Like this?
library(raster)
states <- c('California', 'Nevada', 'Utah', 'Colorado', 'Wyoming', 'Montana', 'Idaho', 'Oregon', 'Washington')
provinces <- c("British Columbia", "Alberta")
us <- getData("GADM",country="USA",level=1)
canada <- getData("GADM",country="CAN",level=1)
us.states <- us[us$NAME_1 %in% states,]
ca.provinces <- canada[canada$NAME_1 %in% provinces,]
us.bbox <- bbox(us.states)
ca.bbox <- bbox(ca.provinces)
xlim <- c(min(us.bbox[1,1],ca.bbox[1,1]),max(us.bbox[1,2],ca.bbox[1,2]))
ylim <- c(min(us.bbox[2,1],ca.bbox[2,1]),max(us.bbox[2,2],ca.bbox[2,2]))
plot(us.states, xlim=xlim, ylim=ylim)
plot(ca.provinces, xlim=xlim, ylim=ylim, add=T)
So this uses the getData(...)
function in package raster
to grab the SpatialPolygonDataFrames for US states and Canadian provinces from the GADM site.

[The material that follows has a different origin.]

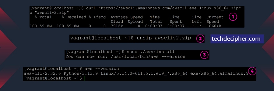 We have completed IAM user creation and access key IDs generation, its time to actually install the AWS CLI in your machine. Think of this as your connector, the connector which is AWS CLI is gonna use the keys to access resources or perform any operation on the cloud using commands. For this blog, I am installing it on one of the Linux flavours, Alma Linux 9. If you ever wish to do this on a Windows machine instead, grab the MSI installer from the link here. Now I am continuing with Linux, assuming you have logged on to the machine, please follow commands below to install AWS CLI.
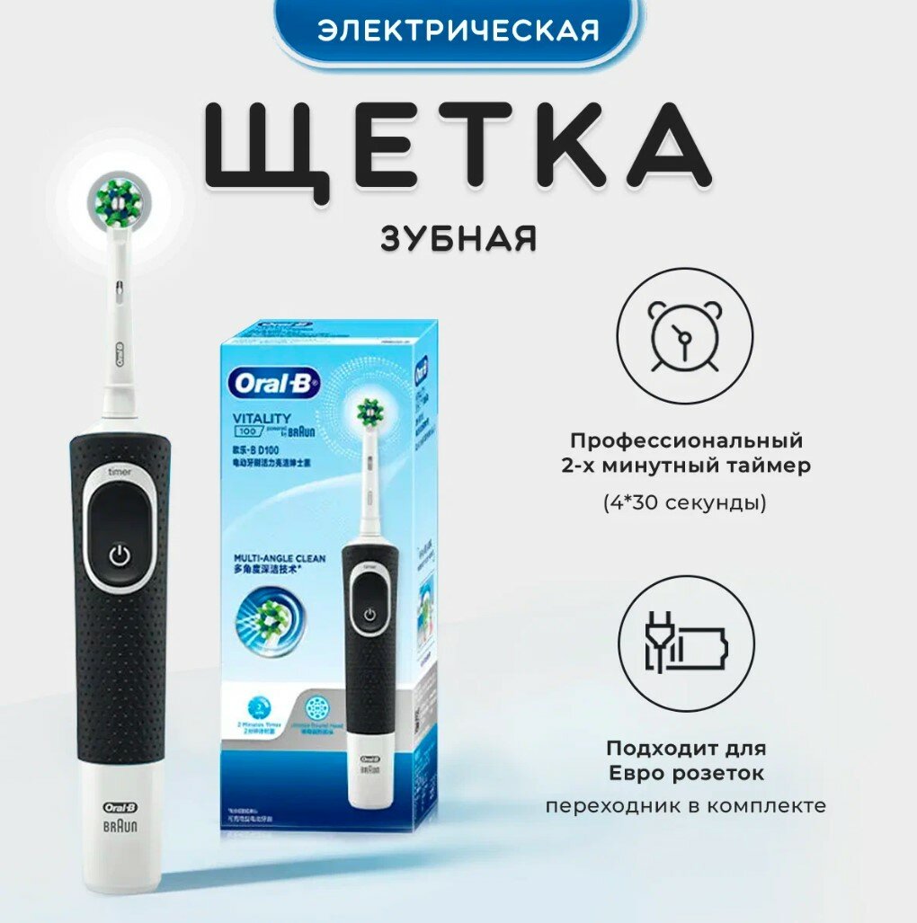 Электрическая зубная щетка Oral-B Vitality CrossAction D100.413.1, черная , CN, переходник в комплекте

Then it extracts only the states you want (notice that the relevant attribute table field is NAME_1
and the the states/provinces need to be capitalized properly). Then we calculate the x and y-limits from the bounding boxes of the two (subsetted) maps. Finally we render the maps. Note the use of add=T
in the second call to plot(...)
.
And here's a ggplot
solution.
library(ggplot2)
ggplot(us.states,aes(x=long,y=lat,group=group))+
geom_path()+
geom_path(data=ca.provinces)+
coord_map()
The advantage here is that ggplot
manages the layers for you, so you don't have to explicitly calculate xlim
and ylim
. Also, IMO there is much more flexibility in adding additional layers. The disadvantage is that, with high resolution maps such as these (esp the west coast of Canada), it is much slower.